Page 4 of The Lie Maker

He threw his arms around his father. The man knelt and went to wipe tears from the boy’s cheeks, but they were indistinguishable from the raindrops.

“Son, I have to—”

“You have to tell me,” the boy said. “You have to tell me why you can’t tell them you’re sorry.”

“Sorry isn’t good enough sometimes,” his father said.

“What did you do?”

The father hesitated. The agent had settled into the front passenger seat to avoid the rain, but powered down her window to listen.

“You’ll find out eventually,” he said. “Your dad’s not a good person. Your dad killed people, son. That’s what I did. I killed people. Sorry just doesn’t cut it.”

He gave the boy a final hug, got in the car, and closed the door. The boy watched him through the glass and stood there in the rain until the car had reached the end of the street and turned the corner.

Two

Jack

I should have been more excited, first day at a new job.

It wasn’t as if I didn’t care. I was glad to have found something. I told myself it was temporary. Didn’t mention that in the interview, of course. No prospective employer wants to think you’re viewing a position with them as a stopgap, although I think the guy who interviewed me, Terry, probably suspected it.

Like when he asked me, point blank, “So, Mr.Givins, why on earth would you want to work for us?”

It was a good question.

Terry Crawford was the managing editor for a stable of trade magazines: Contractor Life (aimed at the construction industry), RV Life (for recreational vehicle manufacturers and enthusiasts), Plumbing Life (no explanation necessary), and so on. When I had observed, in the interview, the recurring theme in his magazines’ titles, he had grinned and said, “We’re high on life here.”

He’d added, “Doesn’t strike me that this would be the kind of place where you’d want to put your skills to work. Not that you aren’t qualified. Getting two books written up in the New York Times? That’s pretty impressive.”

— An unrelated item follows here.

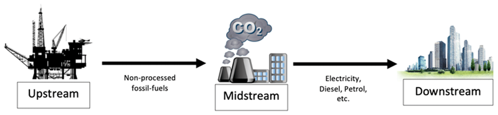 • Downstream, which is the final sector of the energy streams, referring to all processes associated with the end usage of this commodity. In the oil sector, downstream would include all processes to produce diesel, gasoline, synthetic rubbers, and many more day-to-day products. In the renewable industry, downstream processes include hydrogen to electricity transformation and its distribution, electricity distribution into homes, industries and vehicles, and biofuels into usable fuels and its distribution.

So he had done a bit of internet sleuthing. The books had been written under a pseudonym, but I’d been revealed as the author in one of those reviews. Someone at the publishing house must have leaked it at some point, although it created little buzz in the literary world. Good reviews in the Times had not led to a spot on the paper’s bestseller lists. My first book, Avoidably Inevitable, had sunk like a stone. My second, A Life Discontinued, also garnered some praise, but the sales were only marginally better than the first book. My third, Lost and Unfounded, had yet to find a home despite the efforts of my literary agent, Harry Breedlove. I’d told him just before I interviewed with Terry that if he couldn’t sell that book I was putting the full-time novelist thing aside indefinitely.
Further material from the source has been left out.